The recent identification of fusion genes involving ETS family members in human prostate adenocarcinoma has confirmed the hypothesis that recurrent specific aberrations such as fusion genes may be as frequent in epithelial tumors as they are in leukemias and sarcomas. However, reciprocal translocations with fusion genes are often not detectable in carcinomas by conventional karyotyping because of additional complex chromosomal abnormalities. We retrospectively analyzed a large series of formalin-fixed, paraffin-embedded samples including 55 prostate carcinomas and 11 benign prostate tumors. We identified the fusion gene TMPRSS2-ERG by reverse-transcriptase polymerase chain reaction (RT-PCR) in 40/55 carcinomas (72%). Our study demonstrates that the detection of ETS fusion gene by RT-PCR is feasible on formalin-fixed and paraffin-embedded samples. No significant association between the presence of the fusion gene and any clinical feature, such as preoperative serum prostate-specific antigen (PSA) level (PSA>20 or PSA< or =20), pTNM stage including capsule invasion, seminal vesicle invasion, and lymph nodes metastases, or recurrence was observed in our series.

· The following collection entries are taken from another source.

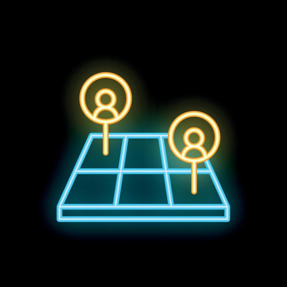 Neon icon of customer relationship management showing two persons connected on a grid Pro Vector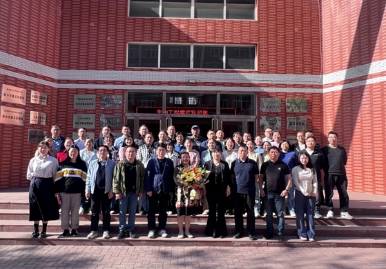 最后,学生代表给蔡老师敬献祝福鲜花,田涛给蔡老师颁发了纪念品,并与全体教师合影留念。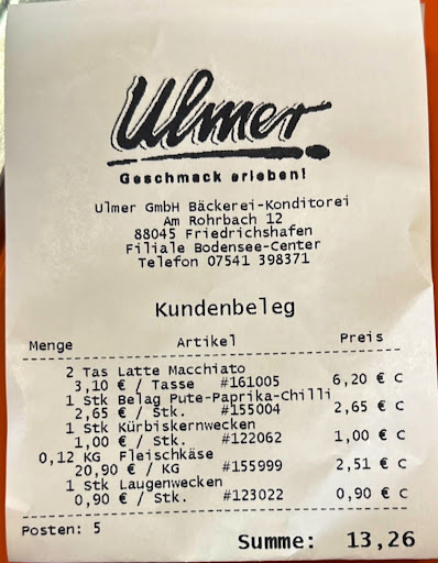 Read moreWollten am offenen Sonntag, ( Stadtfest )nach Ankunft in Friedrichshafen und einer 6 stündigen Anreise um 16 .Uhr 25 noch Kaffeetrinken. Wurden aber beim betreten barsch angebellt " wir schließen 17 Uhr und die Kaffeemaschiene ist schon gereinigt" ( der Kuchen wurde schon weckgeraümt ) wohlgemerkt nicht mal16Uhr 30. Auch wenn Brot und Backwaren uns zusagen , Kunde waren und werden wir bei Ulmer wohl nicht, auch wenn Friedrichshafen uns wiedersehen wird, ...

近期在人类前列腺腺癌中发现涉及ETS家族成员的融合基因,证实了这样一种假说,即像融合基因这样反复出现的特定畸变在上皮性肿瘤中的出现频率可能与在白血病和肉瘤中一样高。然而,由于存在额外复杂的染色体异常,通过传统核型分析通常无法在癌组织中检测到与融合基因相关的相互易位。我们回顾性分析了大量福尔马林固定、石蜡包埋的样本,包括55例前列腺癌和11例良性前列腺肿瘤。我们通过逆转录聚合酶链反应(RT-PCR)在40/55例癌组织(72%)中检测到了融合基因TMPRSS2-ERG。我们的研究表明,通过RT-PCR在福尔马林固定、石蜡包埋的样本中检测ETS融合基因是可行的。在我们的研究系列中,未观察到融合基因的存在与任何临床特征之间存在显著关联,如术前血清前列腺特异性抗原(PSA)水平(PSA>20或PSA≤20)、包括包膜侵犯、精囊侵犯和淋巴结转移的pTNM分期或复发情况。